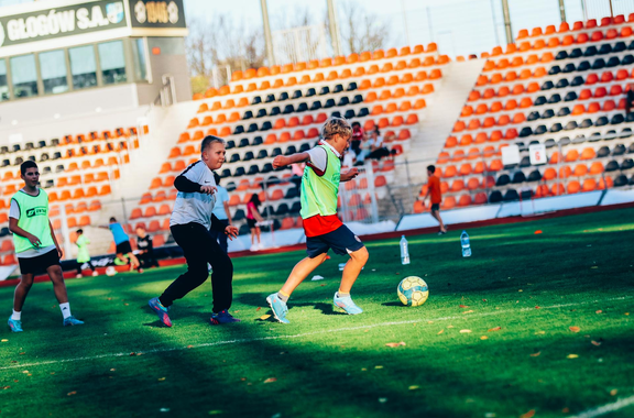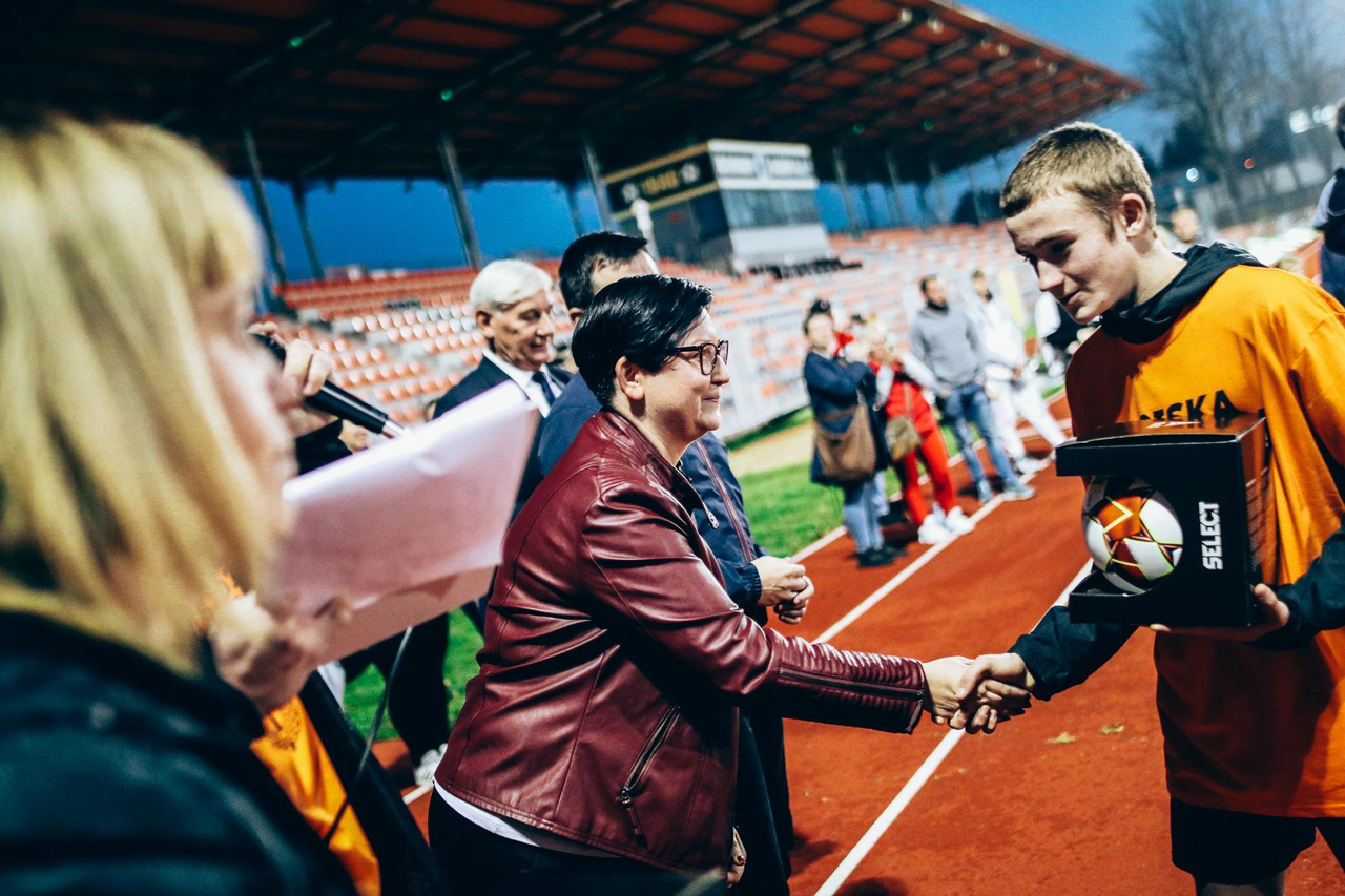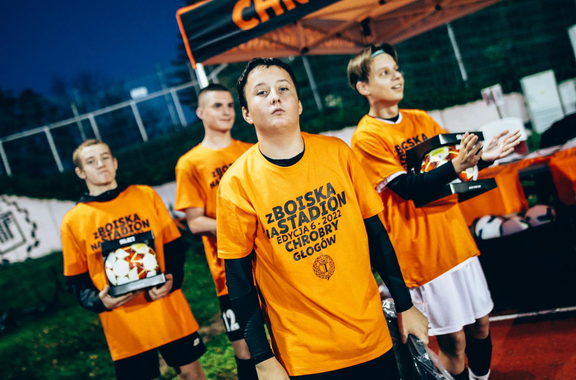 Po raz 6. z osiedlowego boiska przenieśli się na stadion Szóstą edycją turnieju Z Boiska Na Stadion podsumowaliśmy kończące się zajęcia Trenera Osiedlowego. Setka dzieci i młodzieży zagrała tam, gdzie pierwszoligowy Chrobry. 27-10-2022 08:35 autor: ŁJ Tylko do końca października na ośmiu przyszkolnych boiskach potrwają bezpłatne zajęcia sportowe w ramach projektu Trener Osiedlowy. Na kilka dni przed ostatnim w tym roku gwizdkiem uczestników zaprosiliśmy na stadion Chrobrego, na którym odbyła się szósta edycja piłkarskiego turnieju Z Boiska Na Stadion. W obu kategoriach triumfowali zawodnicy z boiska przy SP 7 trener Joanny Marszałek. Nagradzaliśmy jednak nie tylko zwycięzców, bo tradycyjnie wszyscy z rąk prezydenta Głogowa Rafaela Rokaszewicza i dyrektora Chrobrego Zbigniewa Prejsa otrzymali klubowe upominki. Mamy nadzieję, że w najbliższych miesiącach będą w nich widoczni na ulicach miasta. W tegorocznej edycji nasi trenerzy prowadzą zajęcia o charakterze sportowo-rekreacyjnym przez siedem miesięcy. W ramach projektu nie zabrakło wyjść na ligowe mecze Chrobrego Głogów czy na baseny. Przez trzy miesiące organizowaliśmy rozgrywki piłkarskiej Ligi Osiedlowej dla – jak sama nazwa wskazuje – osiedlowych zespołów, a zwycięzców w nagrodę zabraliśmy do Warszawy na mecz reprezentacji Polski. Turniej Z Boiska Na Stadion był zwieńczeniem wszelkich dotychczasowych aktywności Trenera Osiedlowego 2022. Prowadzony przez Chrobrego projekt Trener Osiedlowy jest finansowany ze środków Gminy Miejskiej Głogów.
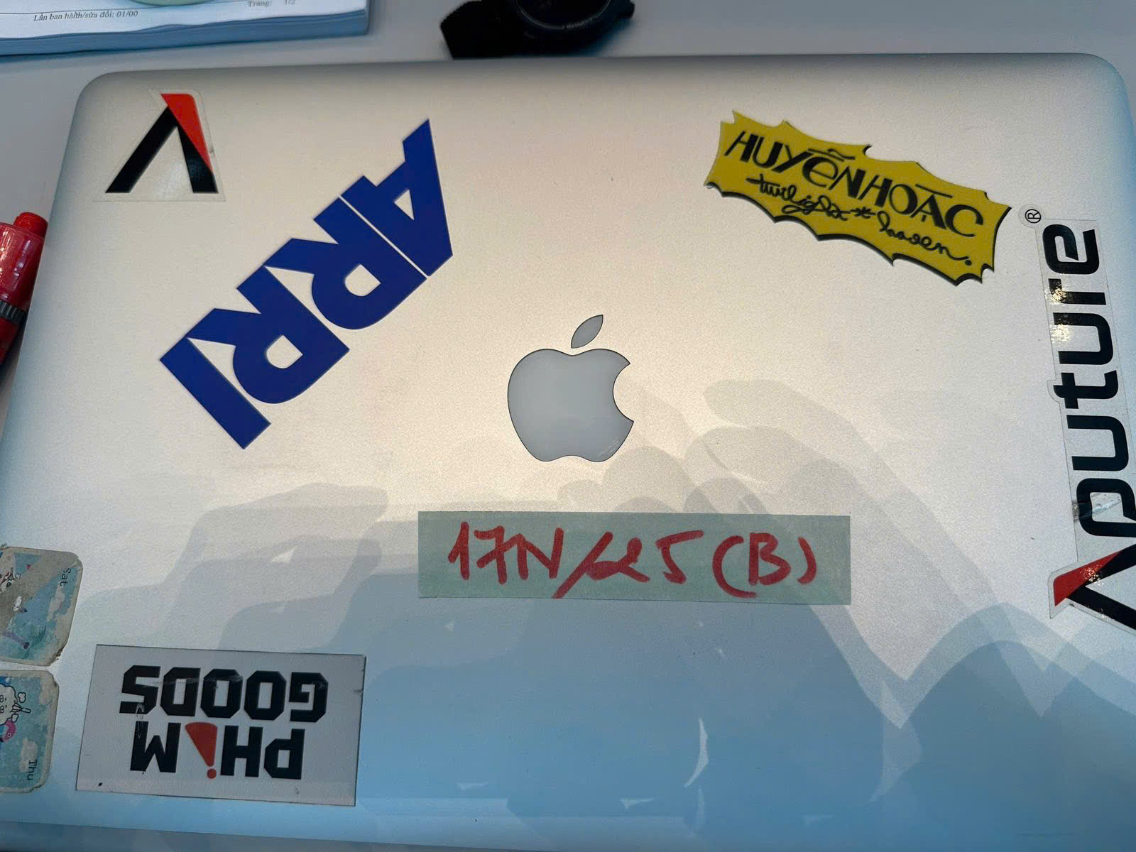 Ngày tiếp nhận: 03/9/2025 Mã hồ sơ: 17N2025B Mô tả: 01 máy tính xách tay màu trắng bạc trên mặt có hình trái táo, đằng sau có chữ Macbook Pro. |
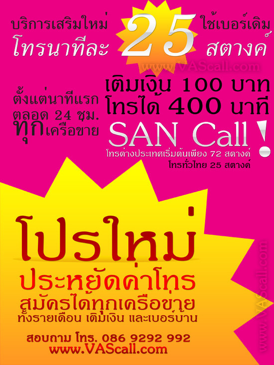 โทร 25 สตางค์ ตลอด 24 ชั่วโมง ทุกเครือข่าย (โปรนี้สมัครใช้ได้ทุกเครือข่าย รายเดือน และเบอร์บ้านก็โทร โปร 25 สตางค์ได้) , SANcall , โทรถูก
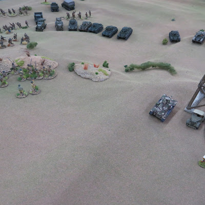 Japanese forces from their indolent Left Flank launched a Banzai charge (image upper left) supported by several tanks. However, the Banzai charge was stopped cold by flanking fire off image upper left. This ended the battle.
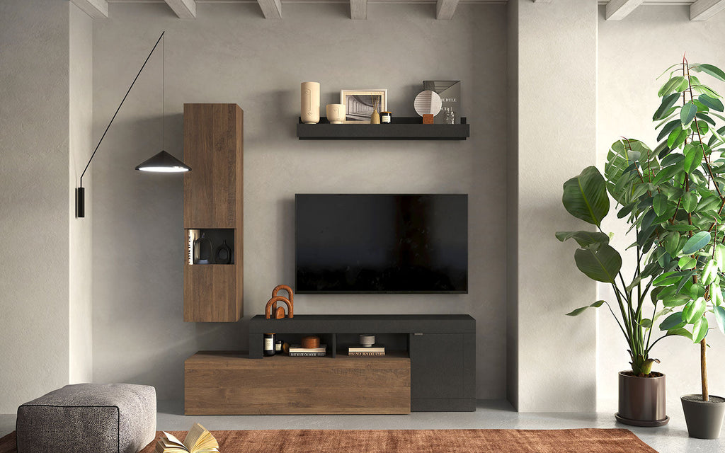 Freedom: la tua parete attrezzata su misura. Combina stile e funzionalità con un design moderno e versatile. La base con anta a battente e ribalta, il pensile e la mensola ti offrono tutto lo spazio necessario per organizzare il tuo soggiorno. Facile da montare.
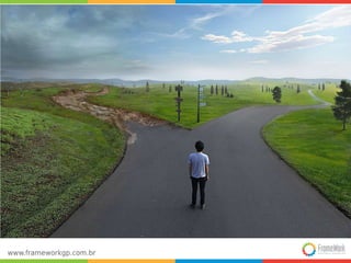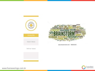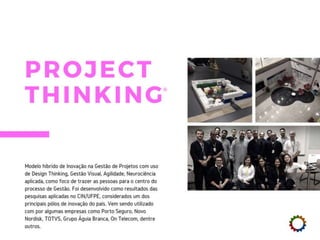O documento descreve a evolução histórica dos paradigmas de gerenciamento de projetos desde a década de 1910 até os dias atuais. Ele apresenta os principais métodos desenvolvidos em cada década, como o diagrama de Gantt na década de 1910, o método do caminho crítico na década de 1950 e a gestão de valor agregado na década de 1960. O documento também discute conceitos como pensamento de design e inovação aplicados aos projetos.
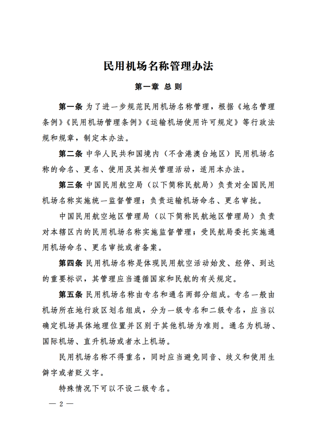 以下为《民用机场名称管理办法》全文
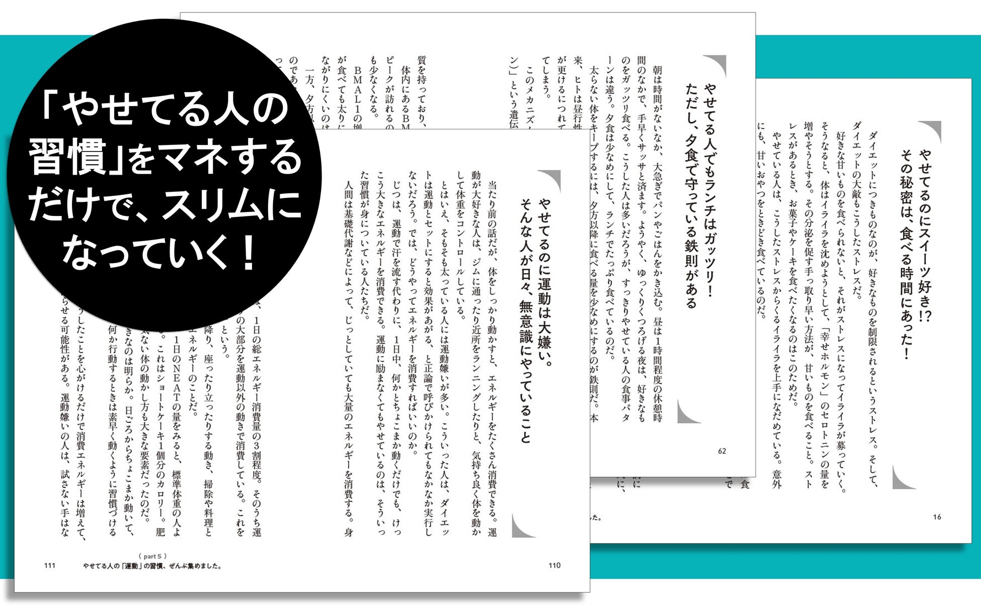 本書は、「やせてる人」の習慣を、食べ方、メンタル、睡眠、ケア、運動、考え方、動作など、さまざまな側面から紹介します。
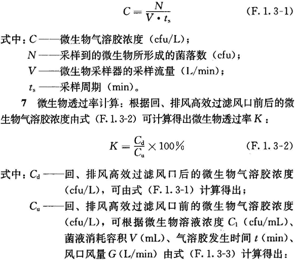 4 采樣:對于回、排風(fēng)高效過濾風(fēng)口,可在其后的出風(fēng)管道中采樣,離排風(fēng)高效過濾風(fēng)門的距離根據(jù)實際工程而定,原則上出風(fēng)后有所混合,能近則好,采樣點沿風(fēng)管寬度方向均勻布置3點。采樣周期、采樣次數(shù)按預(yù)先制定的評價方案執(zhí)行。采樣過程中,不能中斷微生物氣溶膠的發(fā)生,采樣結(jié)束后才能停止發(fā)生微生物氣溶膠,此后噴霧器中必須尚存不少于一半的微生物溶液,且需對剩余菌液活性進行涂布法驗證,以修正菌液濃度。
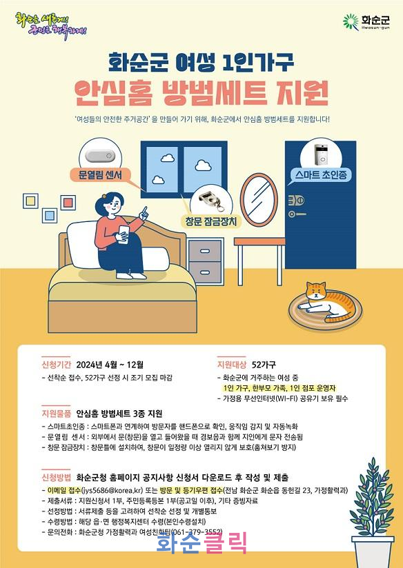 지원 대상은 화순군에 거주하는 여성 중 1인 가구, 한부모 가족, 1인 점포 운영자로 군 홈페이지 공지 사항에서 신청서를 내려받아 작성 후 담당자 이메일(jys5686@korea.kr)이나 군청 방문, 등기우편으로 접수하면 된다.
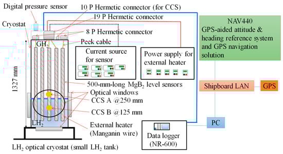 Figure 4 shows the measurement system. It consists of an optical cryostat (a small LH2 tank), five MgB2 level sensors, two carbon ceramic temperature sensors (CCSs), a digital pressure sensor, current sources for the level sensors and CCSs, a power supply for the external heaters of the level sensors, a data logger (NR-600; Keyence, Osaka, Japan), a GPS-aided microelectromechanical inertial system (NAV440; Memsic, Andover, MA, USA), and a PC. The A and B CCSs were attached to the level-sensor support at distances of 250 and 125 mm, respectively, from the bottom of level Sensor B1. Data regarding liquid level, temperature, and pressure inside the cryostat were obtained by the data logger, and data regarding ship motion (in the form of accelerations in the X, Y, and Z directions) were obtained by the inertial system through a shipboard local area network. All the data were collected synchronously by the PC in conjunction with the GPS clock.
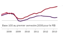 La réponse à la crise de 2008 (voir courbe ci-contre, source Natixis) a permis à l’économie américaine de répartir (courbe en rouge) aux
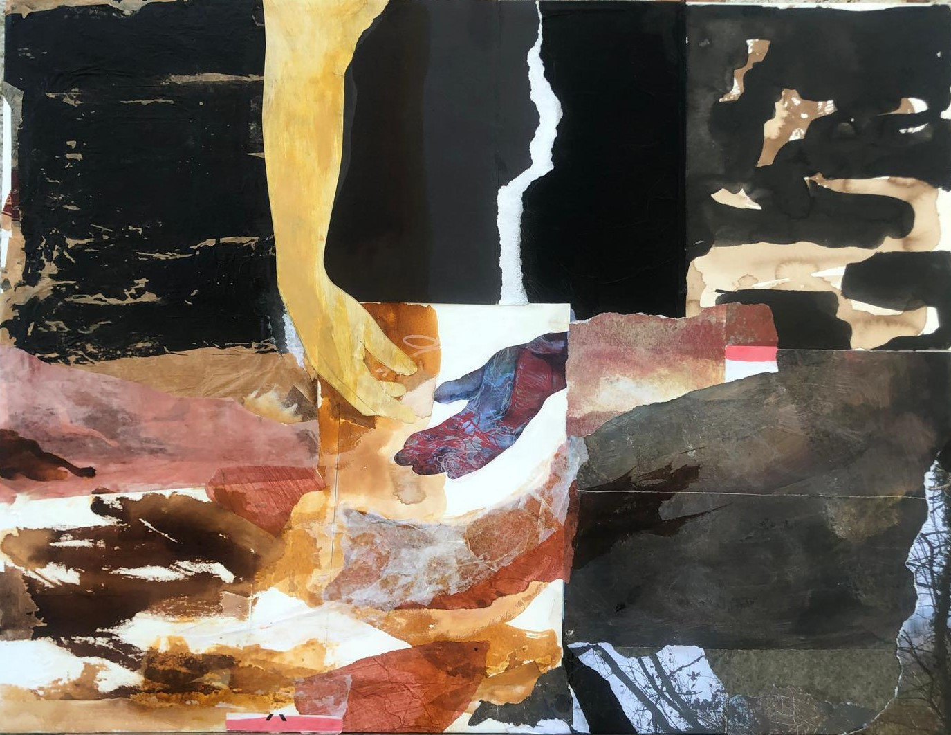 Travail d’abord abstrait, puis actuellement, sans délaisser l’expression, la rêverie, le jeu, la densité que permettent des matières, couleurs et formes abstraites, j’ajoute des éléments figuratifs, qui traduisent un besoin de narration.
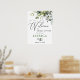 Accueillez vos invités à votre mariage avec l'Affiche de bienvenue pour une baby shower aux roses blanches et à la verdure florale, avec une verdure botanique luxuriante aquarelle et des fleurs blanches, avec "bienvenue dans notre bonheur éternel", vos noms et la date du mariage dans un mélange chic de typographies modernes et de calligraphie manuscrite.
--------------------
* **Exercise**
Give the entries again exactly. Pictures stay out.

* **Solution**
 Po raz 6. z osiedlowego boiska przenieśli się na stadion Szóstą edycją turnieju Z Boiska Na Stadion podsumowaliśmy kończące się zajęcia Trenera Osiedlowego. Setka dzieci i młodzieży zagrała tam, gdzie pierwszoligowy Chrobry. 27-10-2022 08:35 autor: ŁJ Tylko do końca października na ośmiu przyszkolnych boiskach potrwają bezpłatne zajęcia sportowe w ramach projektu Trener Osiedlowy. Na kilka dni przed ostatnim w tym roku gwizdkiem uczestników zaprosiliśmy na stadion Chrobrego, na którym odbyła się szósta edycja piłkarskiego turnieju Z Boiska Na Stadion. W obu kategoriach triumfowali zawodnicy z boiska przy SP 7 trener Joanny Marszałek. Nagradzaliśmy jednak nie tylko zwycięzców, bo tradycyjnie wszyscy z rąk prezydenta Głogowa Rafaela Rokaszewicza i dyrektora Chrobrego Zbigniewa Prejsa otrzymali klubowe upominki. Mamy nadzieję, że w najbliższych miesiącach będą w nich widoczni na ulicach miasta. W tegorocznej edycji nasi trenerzy prowadzą zajęcia o charakterze sportowo-rekreacyjnym przez siedem miesięcy. W ramach projektu nie zabrakło wyjść na ligowe mecze Chrobrego Głogów czy na baseny. Przez trzy miesiące organizowaliśmy rozgrywki piłkarskiej Ligi Osiedlowej dla – jak sama nazwa wskazuje – osiedlowych zespołów, a zwycięzców w nagrodę zabraliśmy do Warszawy na mecz reprezentacji Polski. Turniej Z Boiska Na Stadion był zwieńczeniem wszelkich dotychczasowych aktywności Trenera Osiedlowego 2022. Prowadzony przez Chrobrego projekt Trener Osiedlowy jest finansowany ze środków Gminy Miejskiej Głogów.
 Ngày tiếp nhận: 03/9/2025 Mã hồ sơ: 17N2025B Mô tả: 01 máy tính xách tay màu trắng bạc trên mặt có hình trái táo, đằng sau có chữ Macbook Pro. |
 โทร 25 สตางค์ ตลอด 24 ชั่วโมง ทุกเครือข่าย (โปรนี้สมัครใช้ได้ทุกเครือข่าย รายเดือน และเบอร์บ้านก็โทร โปร 25 สตางค์ได้) , SANcall , โทรถูก
 Japanese forces from their indolent Left Flank launched a Banzai charge (image upper left) supported by several tanks. However, the Banzai charge was stopped cold by flanking fire off image upper left. This ended the battle.
 Freedom: la tua parete attrezzata su misura. Combina stile e funzionalità con un design moderno e versatile. La base con anta a battente e ribalta, il pensile e la mensola ti offrono tutto lo spazio necessario per organizzare il tuo soggiorno. Facile da montare.
O documento descreve a evolução histórica dos paradigmas de gerenciamento de projetos desde a década de 1910 até os dias atuais. Ele apresenta os principais métodos desenvolvidos em cada década, como o diagrama de Gantt na década de 1910, o método do caminho crítico na década de 1950 e a gestão de valor agregado na década de 1960. O documento também discute conceitos como pensamento de design e inovação aplicados aos projetos.
 以下为《民用机场名称管理办法》全文
 本書は、「やせてる人」の習慣を、食べ方、メンタル、睡眠、ケア、運動、考え方、動作など、さまざまな側面から紹介します。
 4 采樣:對于回、排風(fēng)高效過濾風(fēng)口,可在其后的出風(fēng)管道中采樣,離排風(fēng)高效過濾風(fēng)門的距離根據(jù)實際工程而定,原則上出風(fēng)后有所混合,能近則好,采樣點沿風(fēng)管寬度方向均勻布置3點。采樣周期、采樣次數(shù)按預(yù)先制定的評價方案執(zhí)行。采樣過程中,不能中斷微生物氣溶膠的發(fā)生,采樣結(jié)束后才能停止發(fā)生微生物氣溶膠,此后噴霧器中必須尚存不少于一半的微生物溶液,且需對剩余菌液活性進行涂布法驗證,以修正菌液濃度。
 지원 대상은 화순군에 거주하는 여성 중 1인 가구, 한부모 가족, 1인 점포 운영자로 군 홈페이지 공지 사항에서 신청서를 내려받아 작성 후 담당자 이메일(jys5686@korea.kr)이나 군청 방문, 등기우편으로 접수하면 된다.
 Figure 4 shows the measurement system. It consists of an optical cryostat (a small LH2 tank), five MgB2 level sensors, two carbon ceramic temperature sensors (CCSs), a digital pressure sensor, current sources for the level sensors and CCSs, a power supply for the external heaters of the level sensors, a data logger (NR-600; Keyence, Osaka, Japan), a GPS-aided microelectromechanical inertial system (NAV440; Memsic, Andover, MA, USA), and a PC. The A and B CCSs were attached to the level-sensor support at distances of 250 and 125 mm, respectively, from the bottom of level Sensor B1. Data regarding liquid level, temperature, and pressure inside the cryostat were obtained by the data logger, and data regarding ship motion (in the form of accelerations in the X, Y, and Z directions) were obtained by the inertial system through a shipboard local area network. All the data were collected synchronously by the PC in conjunction with the GPS clock.
 La réponse à la crise de 2008 (voir courbe ci-contre, source Natixis) a permis à l’économie américaine de répartir (courbe en rouge) aux
 Travail d’abord abstrait, puis actuellement, sans délaisser l’expression, la rêverie, le jeu, la densité que permettent des matières, couleurs et formes abstraites, j’ajoute des éléments figuratifs, qui traduisent un besoin de narration.
 Accueillez vos invités à votre mariage avec l'Affiche de bienvenue pour une baby shower aux roses blanches et à la verdure florale, avec une verdure botanique luxuriante aquarelle et des fleurs blanches, avec "bienvenue dans notre bonheur éternel", vos noms et la date du mariage dans un mélange chic de typographies modernes et de calligraphie manuscrite.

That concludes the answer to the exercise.